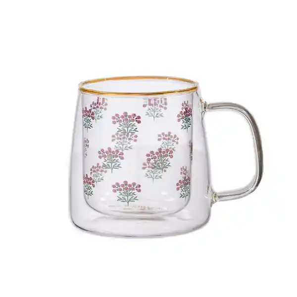 Eleva tu Experiencia! Nuestra Taza Doble Vidrio de Borosilicato Con Exclusivo Diseño de Flores Doradas. Ideal Para Disfrutar en Tus Momentos de té. Consigue la Tuya!.
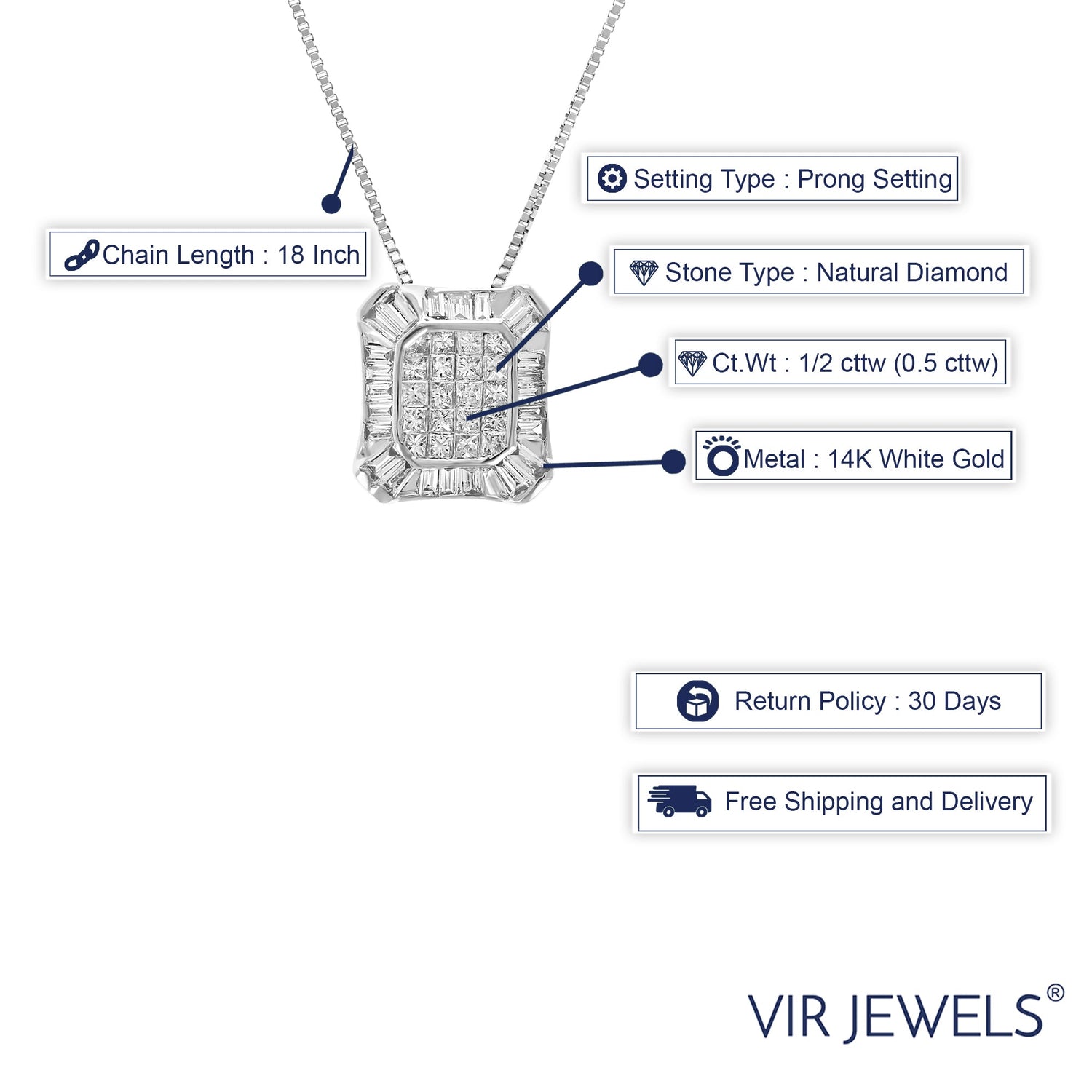Handcrafted in 14K white gold with 36 natural princess and baguette-cut diamonds. Total diamond weight: 1/2 cttw. Diamonds are securely held in a prong setting. Pendant measures approximately 0.33 inches in length and 0.33 inches in width. Suspended from an 18-inch chain. April birthstone.
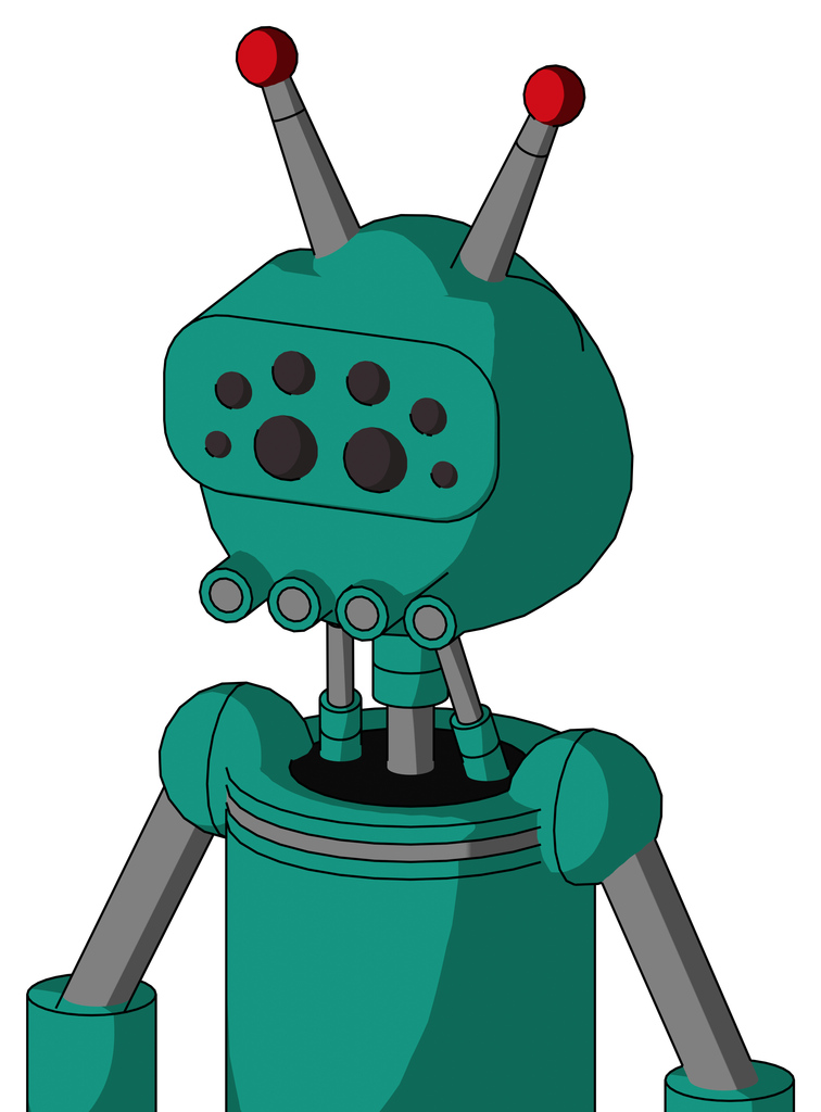 Green Automaton With Rounded Head And Pipes Mouth And Bug Eyes And Double Led Antenna

---------------

- **Required action**: Pictures stay out of the copy; print the material above exactly.

- **Response to this exercise**:
 Eleva tu Experiencia! Nuestra Taza Doble Vidrio de Borosilicato Con Exclusivo Diseño de Flores Doradas. Ideal Para Disfrutar en Tus Momentos de té. Consigue la Tuya!.
Handcrafted in 14K white gold with 36 natural princess and baguette-cut diamonds. Total diamond weight: 1/2 cttw. Diamonds are securely held in a prong setting. Pendant measures approximately 0.33 inches in length and 0.33 inches in width. Suspended from an 18-inch chain. April birthstone.
 Green Automaton With Rounded Head And Pipes Mouth And Bug Eyes And Double Led Antenna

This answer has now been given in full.